DESCRIPTION OF THE TASK:
Although the records contain pictures, none belong in the copy: restate word for word only the lines from the one with "Meet our Luxe" through the one with "MOOSLOVER Women One", both included.

INPUT DATA:
◆ ◆ ◆
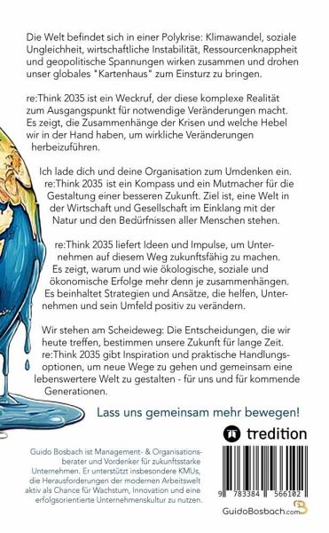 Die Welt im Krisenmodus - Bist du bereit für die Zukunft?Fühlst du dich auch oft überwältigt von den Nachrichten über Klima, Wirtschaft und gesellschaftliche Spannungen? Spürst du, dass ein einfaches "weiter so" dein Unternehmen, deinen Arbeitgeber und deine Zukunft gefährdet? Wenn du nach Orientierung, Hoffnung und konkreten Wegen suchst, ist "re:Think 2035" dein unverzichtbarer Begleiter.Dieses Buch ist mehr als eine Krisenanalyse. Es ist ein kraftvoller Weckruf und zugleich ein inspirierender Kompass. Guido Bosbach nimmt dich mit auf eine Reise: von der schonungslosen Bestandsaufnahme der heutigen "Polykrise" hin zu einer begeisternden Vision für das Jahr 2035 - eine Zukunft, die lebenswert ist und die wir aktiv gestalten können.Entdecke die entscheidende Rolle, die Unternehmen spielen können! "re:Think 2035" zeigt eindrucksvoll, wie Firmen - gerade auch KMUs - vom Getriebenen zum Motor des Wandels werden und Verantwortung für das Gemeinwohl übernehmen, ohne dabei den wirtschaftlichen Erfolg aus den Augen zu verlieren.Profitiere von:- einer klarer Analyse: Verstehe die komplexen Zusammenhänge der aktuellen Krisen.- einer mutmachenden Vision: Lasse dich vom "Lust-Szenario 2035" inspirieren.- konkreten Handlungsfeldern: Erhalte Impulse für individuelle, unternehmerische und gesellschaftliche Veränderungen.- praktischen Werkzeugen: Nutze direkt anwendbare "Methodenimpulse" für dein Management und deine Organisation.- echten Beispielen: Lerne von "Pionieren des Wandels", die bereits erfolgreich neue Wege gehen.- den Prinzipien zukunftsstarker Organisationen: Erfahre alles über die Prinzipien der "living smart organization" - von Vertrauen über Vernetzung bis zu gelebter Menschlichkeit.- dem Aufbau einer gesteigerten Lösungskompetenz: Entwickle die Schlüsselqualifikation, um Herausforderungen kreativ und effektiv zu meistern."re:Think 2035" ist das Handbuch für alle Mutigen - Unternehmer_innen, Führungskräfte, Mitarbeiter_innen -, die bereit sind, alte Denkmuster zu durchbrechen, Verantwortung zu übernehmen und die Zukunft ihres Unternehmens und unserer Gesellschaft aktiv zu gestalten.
◆ ◆ ◆
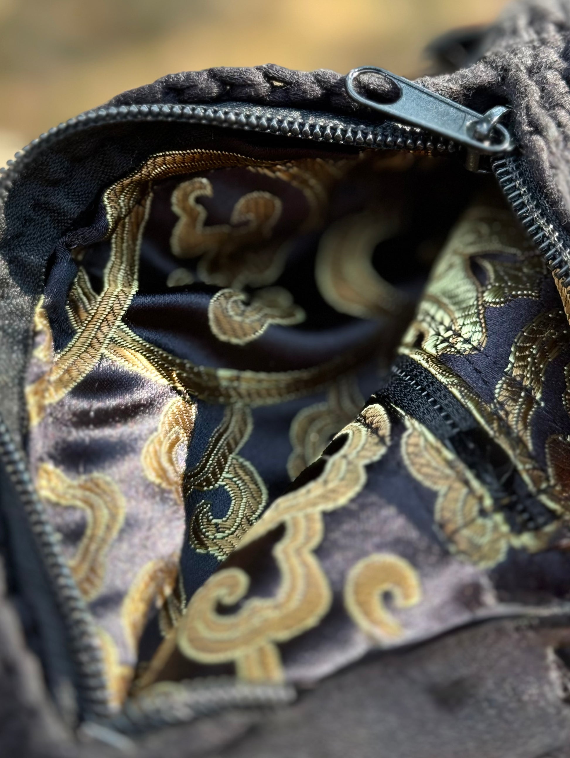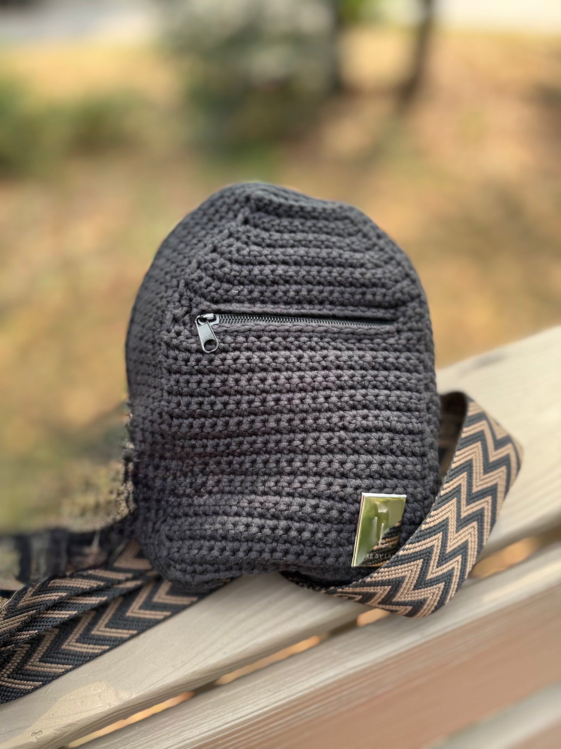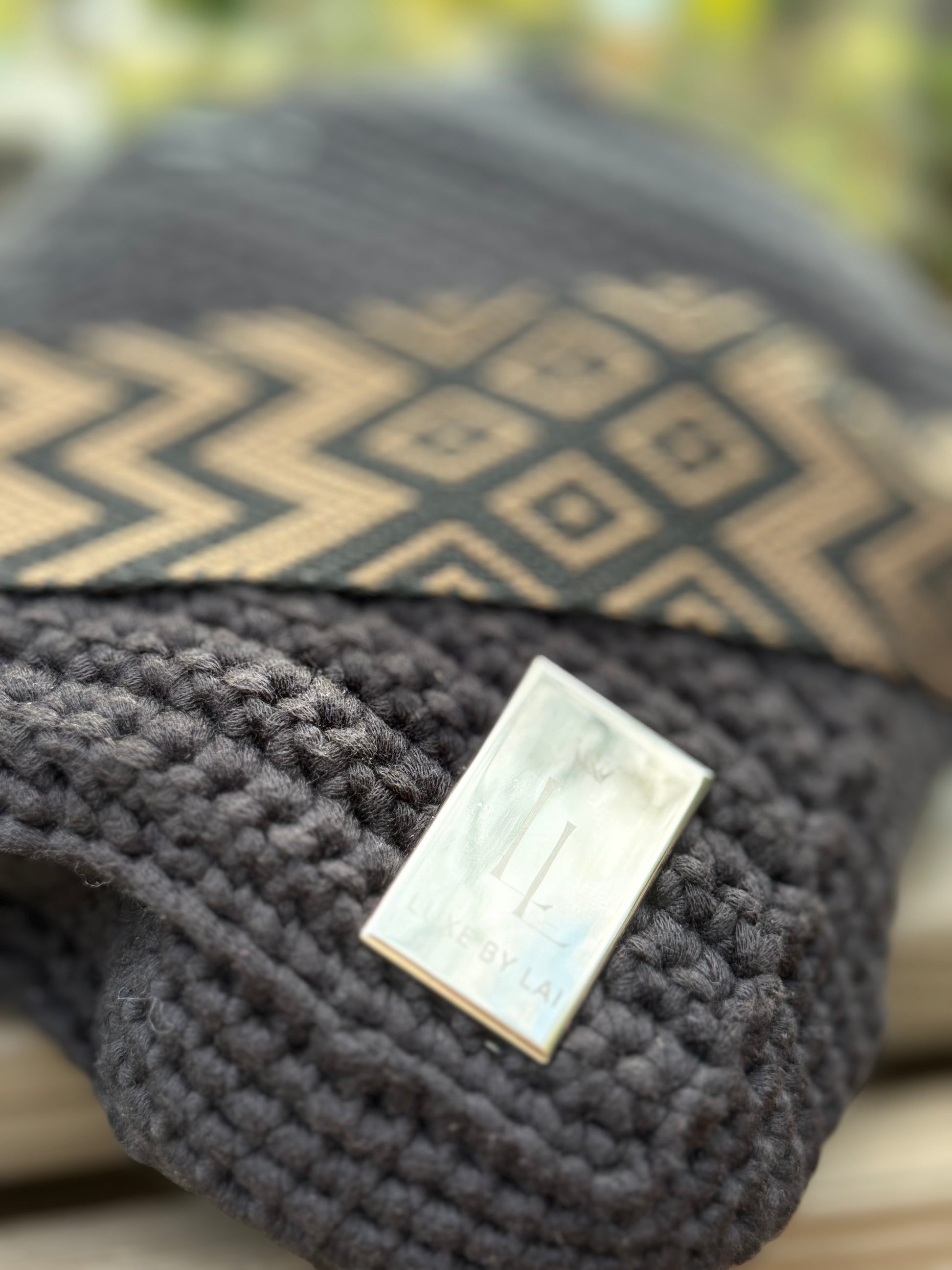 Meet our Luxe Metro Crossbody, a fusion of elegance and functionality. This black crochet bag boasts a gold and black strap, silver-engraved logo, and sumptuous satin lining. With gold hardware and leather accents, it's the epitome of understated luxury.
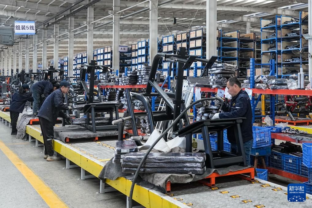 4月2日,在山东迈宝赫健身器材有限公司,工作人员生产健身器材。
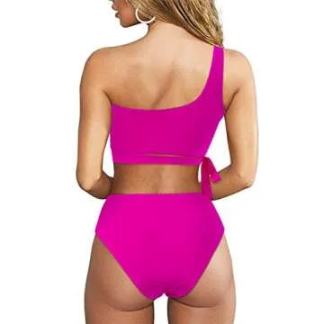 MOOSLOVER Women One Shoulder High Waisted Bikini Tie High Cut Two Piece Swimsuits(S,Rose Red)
◆ ◆ ◆
EXERCISE RESULT:
 Meet our Luxe Metro Crossbody, a fusion of elegance and functionality. This black crochet bag boasts a gold and black strap, silver-engraved logo, and sumptuous satin lining. With gold hardware and leather accents, it's the epitome of understated luxury.
 4月2日,在山东迈宝赫健身器材有限公司,工作人员生产健身器材。
 MOOSLOVER Women One Shoulder High Waisted Bikini Tie High Cut Two Piece Swimsuits(S,Rose Red)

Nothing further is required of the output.